First-quarter operating income increased 2% at $875 million, while operating expense was $2,083 million, down 1%. Operating ratio (defined as operating expenses as a percentage of revenue) declined 70 basis points year over year to 70.4%.
Performance Across Business Lines
Merchandise revenues increased 2% year over year to $1,717 million in the reported quarter, driven by 3% growth in revenue per unit (:RPU). However, volumes for the segment registered 1% year-over-year decline given significant drop in Agricultural Products (down 12%), Metals (down 8%), and Waste and Equipment (down 7%).
Coal revenues were down 13% year over year to $726 million on 10% volume declines. RPU also moved down 3% on a year-over-year basis. The poor performance by Coal was due to lower domestic coal shipments given lower electrical generation, higher utility stockpiles and low natural gas prices. Export coal also suffered a significant setback due to less shipments of U.S. thermal coal to European region.
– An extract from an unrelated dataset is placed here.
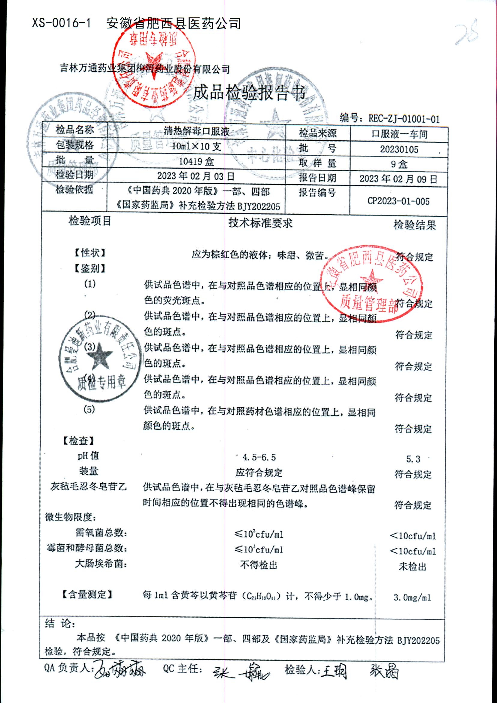 | 清热解毒口服液 | 10ml*10支 | 20220301 | 查看详情 |

Intermodal revenues rose 4% year over year to $404 million, driven by highway-to-rail conversions in the domestic market, increase in service lanes and increase in existing customers. On a year-over-year basis, volumes and RPU increased 3% and 1%, respectively.
Other revenues were $111 million, up 60% year over year.
The company exited the first quarter with cash and cash equivalents of $1,072 million compared with $1,371 million in the year-ago period. Long-term debt decreased to $8,846 million from $9,052 million in the year-ago period.
Management approved a new $1.0 billion share buyback program that is expected to start immediately and be complete in the next 24 months. The company also hiked its quarterly dividend by 7% to 15 cents.
Although annual earnings per share growth in 2013 will likely be flat to down compared with prior-year levels, the growth rate is expected to be in the 10%–15% range through 2015.
Amid the current economic environment and volatile coal market scenario, CSX aims to bring down its operating ratio in the high 60s range by 2015 and subsequently move down to mid-60s in the long term.
We believe that favorable rail industry pricing and operational improvement will aid CSX’s top-line growth and drive earnings going forward. The company has adopted several steps including improvement in car cycle times and reduction in overtime and other associated labor costs. These measures enable the company to lower rent expense, materials usage and labor cost per employee while delivering a superior service offerings to customers. In addition, the company aims at resource planning and execution to curb overtime expenses in transportation, mechanical and engineering departments. CSX Corp currently retains a Zacks Rank #3 (Hold).
Other Railroad Stocks
Among other stocks in the railroads industry, Kansas City Southern (KSU) is expected to release its earnings results on Apr 19, while Norfolk Southern Corp. (NSC) will do the same on Apr 23.
Other stocks worth considering within the sector is Canadian Pacific Railway Limited (CP) that holds a Zacks Rank #2 (Buy).